Data for analysis Start Marker
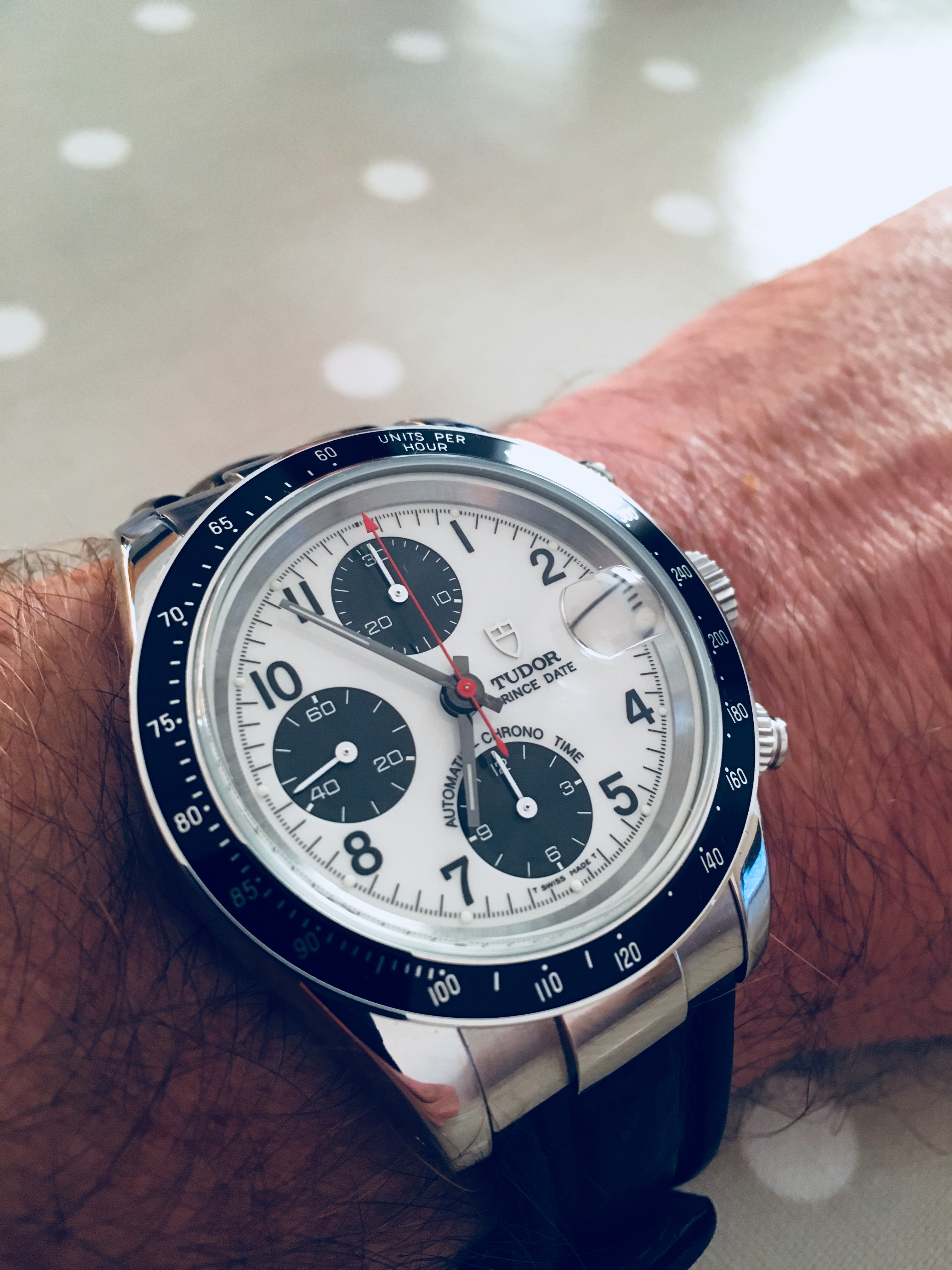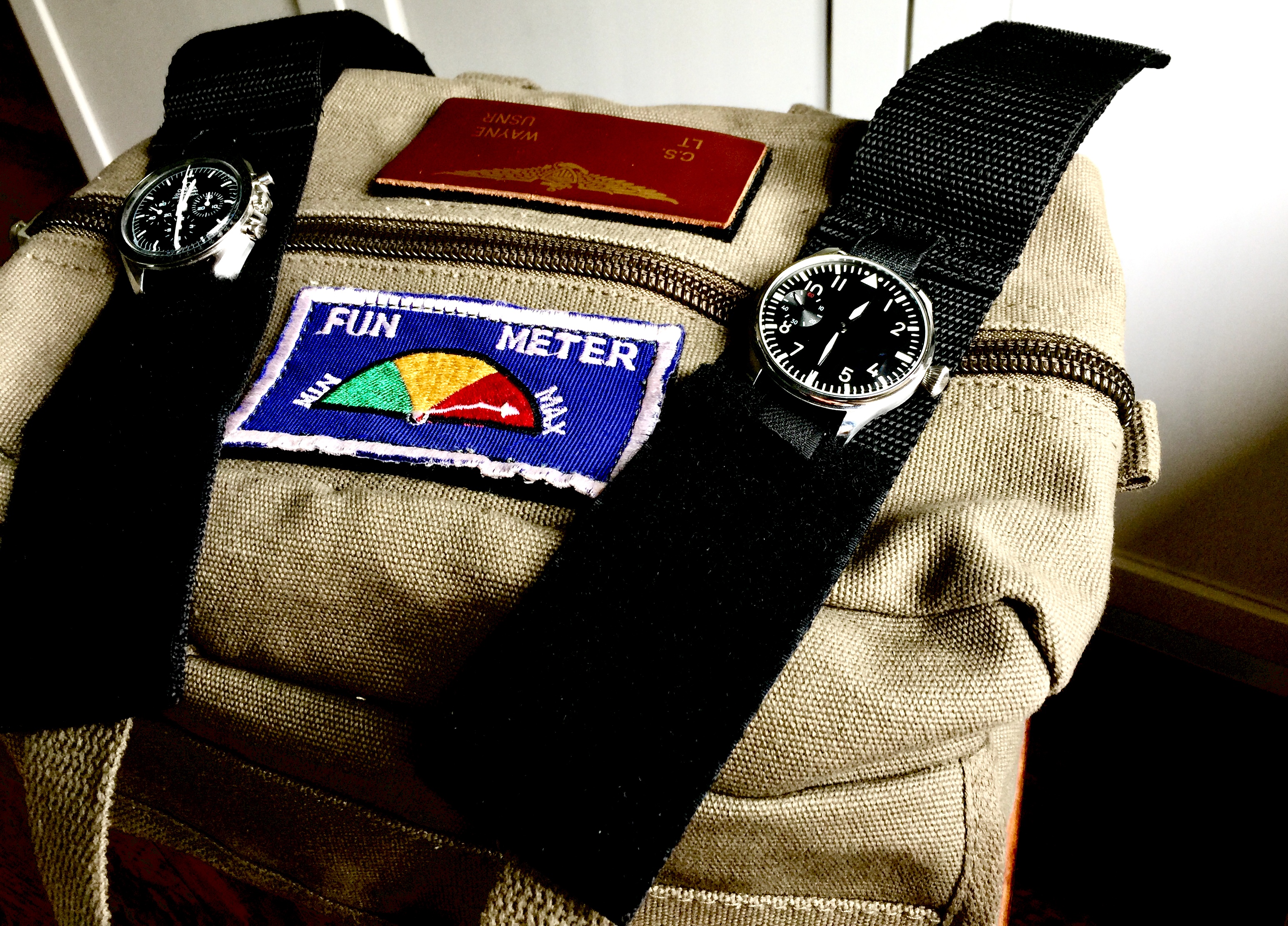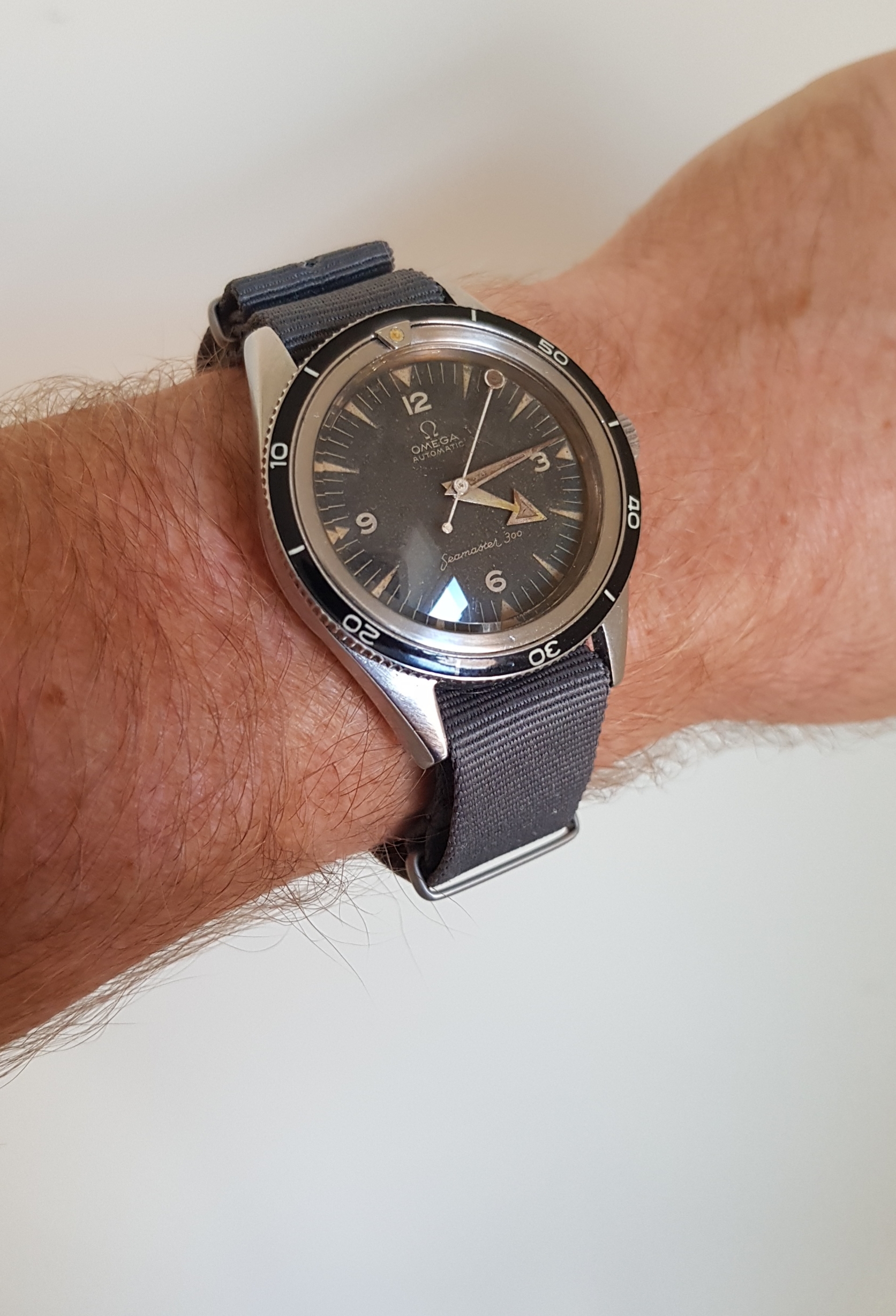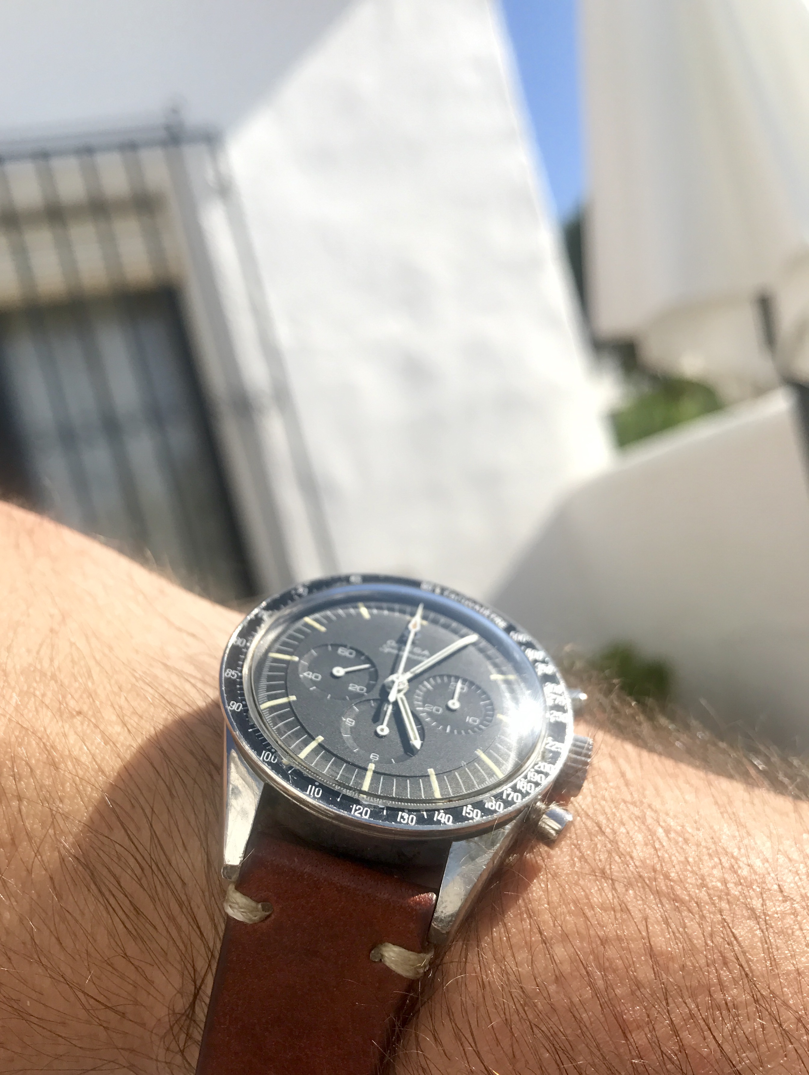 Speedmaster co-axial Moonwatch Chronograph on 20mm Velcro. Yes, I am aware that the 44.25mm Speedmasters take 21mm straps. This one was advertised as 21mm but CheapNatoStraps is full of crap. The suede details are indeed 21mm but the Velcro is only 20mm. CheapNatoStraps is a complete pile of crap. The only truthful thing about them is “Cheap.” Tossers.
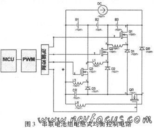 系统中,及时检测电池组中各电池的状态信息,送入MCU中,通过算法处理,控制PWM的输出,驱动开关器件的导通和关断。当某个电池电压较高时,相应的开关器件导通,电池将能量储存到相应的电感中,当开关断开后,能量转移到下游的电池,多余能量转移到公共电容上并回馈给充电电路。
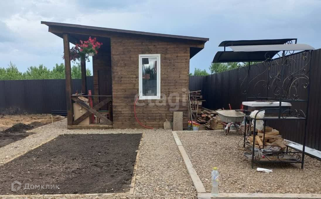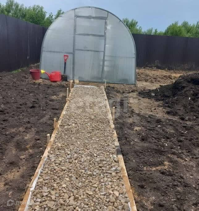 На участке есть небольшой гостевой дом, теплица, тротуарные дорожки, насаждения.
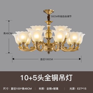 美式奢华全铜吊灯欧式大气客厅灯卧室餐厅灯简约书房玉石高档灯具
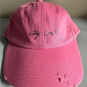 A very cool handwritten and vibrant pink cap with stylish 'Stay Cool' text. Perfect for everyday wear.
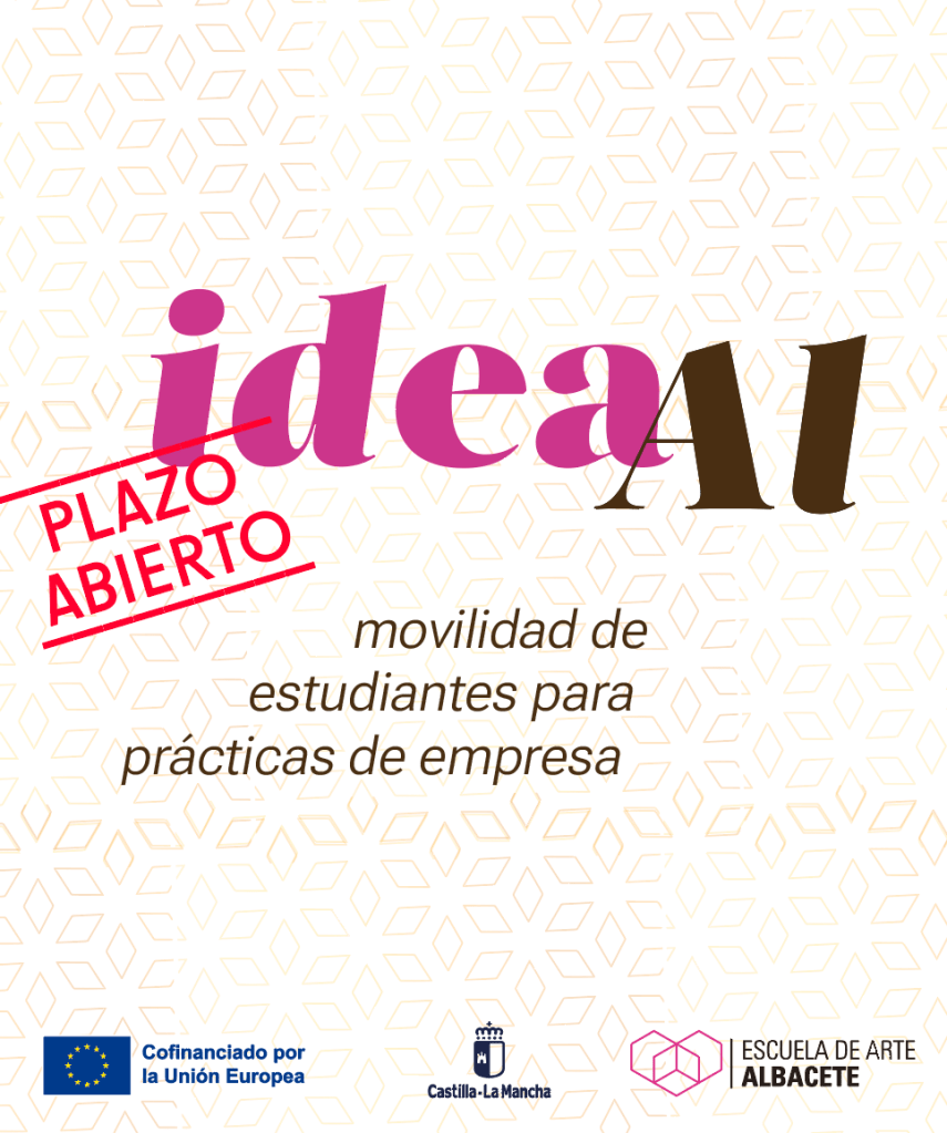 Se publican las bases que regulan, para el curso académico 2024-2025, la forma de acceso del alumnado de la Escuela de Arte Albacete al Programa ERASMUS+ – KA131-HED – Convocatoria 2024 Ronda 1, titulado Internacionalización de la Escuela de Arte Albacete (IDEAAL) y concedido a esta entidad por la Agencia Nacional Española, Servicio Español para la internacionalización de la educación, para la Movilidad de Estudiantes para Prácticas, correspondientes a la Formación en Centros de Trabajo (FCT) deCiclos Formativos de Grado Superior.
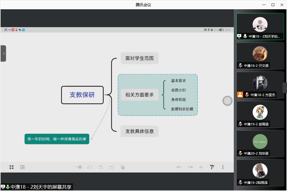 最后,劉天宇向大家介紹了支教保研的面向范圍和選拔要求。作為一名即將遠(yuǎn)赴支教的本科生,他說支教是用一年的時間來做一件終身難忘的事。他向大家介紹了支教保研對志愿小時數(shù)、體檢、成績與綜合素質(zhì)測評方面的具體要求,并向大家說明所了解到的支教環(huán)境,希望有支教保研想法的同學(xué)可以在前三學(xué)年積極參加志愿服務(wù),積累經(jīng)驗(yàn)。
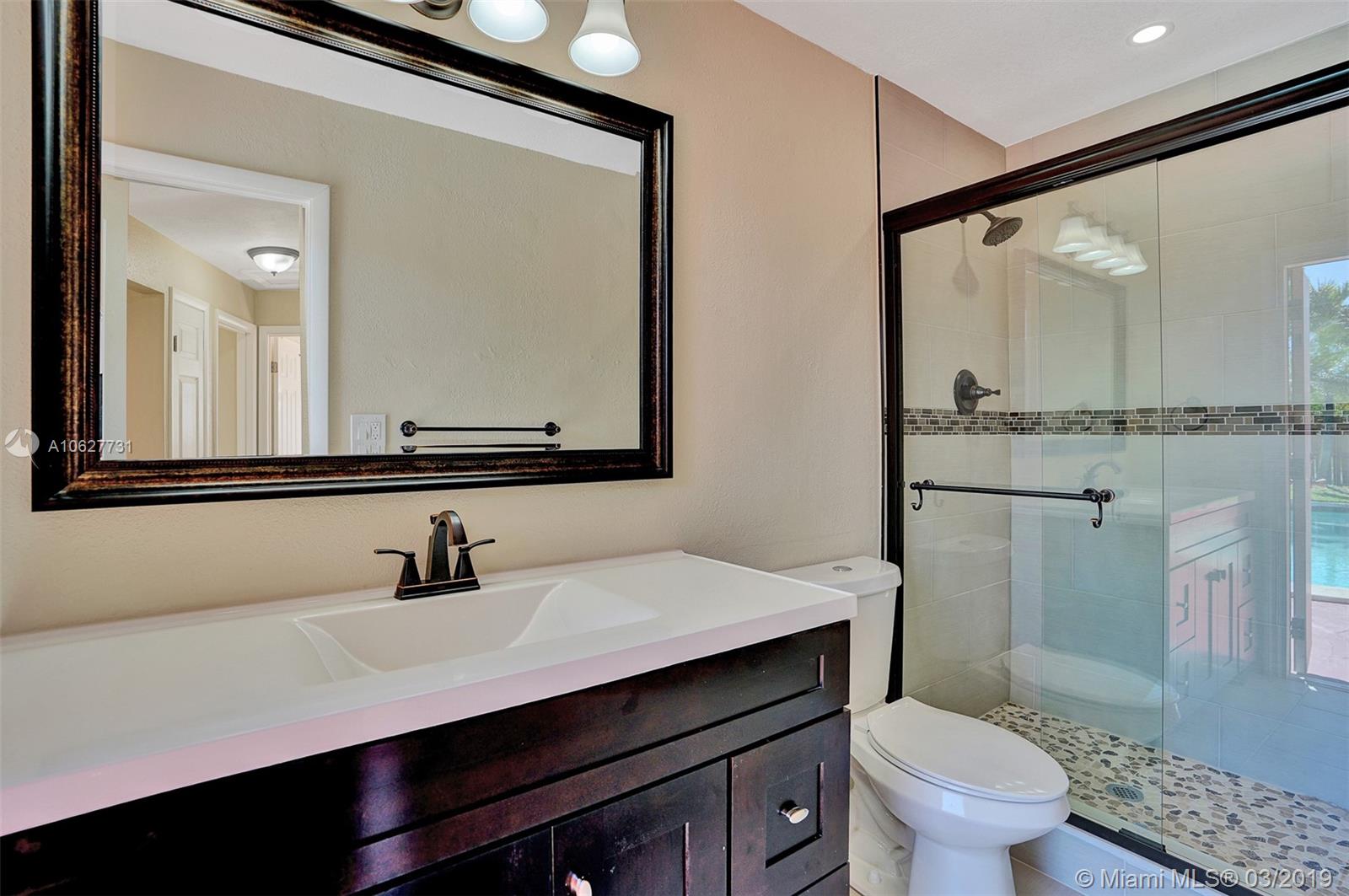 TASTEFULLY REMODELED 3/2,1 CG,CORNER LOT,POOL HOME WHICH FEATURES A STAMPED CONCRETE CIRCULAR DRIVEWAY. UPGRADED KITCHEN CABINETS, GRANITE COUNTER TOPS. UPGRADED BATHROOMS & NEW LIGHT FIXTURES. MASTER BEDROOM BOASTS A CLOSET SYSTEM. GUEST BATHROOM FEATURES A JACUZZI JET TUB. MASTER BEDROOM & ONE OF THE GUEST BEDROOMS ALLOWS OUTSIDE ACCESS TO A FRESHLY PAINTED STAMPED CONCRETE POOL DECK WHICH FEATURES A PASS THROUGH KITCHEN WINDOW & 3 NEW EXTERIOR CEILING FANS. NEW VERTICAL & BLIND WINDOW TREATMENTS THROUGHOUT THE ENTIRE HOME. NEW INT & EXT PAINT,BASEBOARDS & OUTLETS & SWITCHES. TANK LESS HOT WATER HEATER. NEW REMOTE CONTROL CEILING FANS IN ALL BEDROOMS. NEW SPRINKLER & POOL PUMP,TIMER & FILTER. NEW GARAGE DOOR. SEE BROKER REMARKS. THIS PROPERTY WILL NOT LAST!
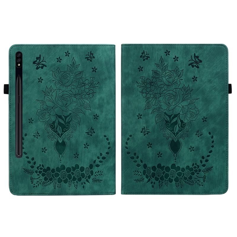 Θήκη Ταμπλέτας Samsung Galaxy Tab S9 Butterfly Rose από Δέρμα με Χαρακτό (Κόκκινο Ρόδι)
Data for analysis End Marker
▸ **Required work**: What is needed is an exact copy of every entry, with the pictures removed.

▸ **Response to this task**:
 Speedmaster co-axial Moonwatch Chronograph on 20mm Velcro. Yes, I am aware that the 44.25mm Speedmasters take 21mm straps. This one was advertised as 21mm but CheapNatoStraps is full of crap. The suede details are indeed 21mm but the Velcro is only 20mm. CheapNatoStraps is a complete pile of crap. The only truthful thing about them is “Cheap.” Tossers.
 系统中,及时检测电池组中各电池的状态信息,送入MCU中,通过算法处理,控制PWM的输出,驱动开关器件的导通和关断。当某个电池电压较高时,相应的开关器件导通,电池将能量储存到相应的电感中,当开关断开后,能量转移到下游的电池,多余能量转移到公共电容上并回馈给充电电路。
 На участке есть небольшой гостевой дом, теплица, тротуарные дорожки, насаждения.
 美式奢华全铜吊灯欧式大气客厅灯卧室餐厅灯简约书房玉石高档灯具
 A very cool handwritten and vibrant pink cap with stylish 'Stay Cool' text. Perfect for everyday wear.
 Se publican las bases que regulan, para el curso académico 2024-2025, la forma de acceso del alumnado de la Escuela de Arte Albacete al Programa ERASMUS+ – KA131-HED – Convocatoria 2024 Ronda 1, titulado Internacionalización de la Escuela de Arte Albacete (IDEAAL) y concedido a esta entidad por la Agencia Nacional Española, Servicio Español para la internacionalización de la educación, para la Movilidad de Estudiantes para Prácticas, correspondientes a la Formación en Centros de Trabajo (FCT) deCiclos Formativos de Grado Superior.
 最后,劉天宇向大家介紹了支教保研的面向范圍和選拔要求。作為一名即將遠(yuǎn)赴支教的本科生,他說支教是用一年的時間來做一件終身難忘的事。他向大家介紹了支教保研對志愿小時數(shù)、體檢、成績與綜合素質(zhì)測評方面的具體要求,并向大家說明所了解到的支教環(huán)境,希望有支教保研想法的同學(xué)可以在前三學(xué)年積極參加志愿服務(wù),積累經(jīng)驗(yàn)。
 TASTEFULLY REMODELED 3/2,1 CG,CORNER LOT,POOL HOME WHICH FEATURES A STAMPED CONCRETE CIRCULAR DRIVEWAY. UPGRADED KITCHEN CABINETS, GRANITE COUNTER TOPS. UPGRADED BATHROOMS & NEW LIGHT FIXTURES. MASTER BEDROOM BOASTS A CLOSET SYSTEM. GUEST BATHROOM FEATURES A JACUZZI JET TUB. MASTER BEDROOM & ONE OF THE GUEST BEDROOMS ALLOWS OUTSIDE ACCESS TO A FRESHLY PAINTED STAMPED CONCRETE POOL DECK WHICH FEATURES A PASS THROUGH KITCHEN WINDOW & 3 NEW EXTERIOR CEILING FANS. NEW VERTICAL & BLIND WINDOW TREATMENTS THROUGHOUT THE ENTIRE HOME. NEW INT & EXT PAINT,BASEBOARDS & OUTLETS & SWITCHES. TANK LESS HOT WATER HEATER. NEW REMOTE CONTROL CEILING FANS IN ALL BEDROOMS. NEW SPRINKLER & POOL PUMP,TIMER & FILTER. NEW GARAGE DOOR. SEE BROKER REMARKS. THIS PROPERTY WILL NOT LAST!
 Θήκη Ταμπλέτας Samsung Galaxy Tab S9 Butterfly Rose από Δέρμα με Χαρακτό (Κόκκινο Ρόδι)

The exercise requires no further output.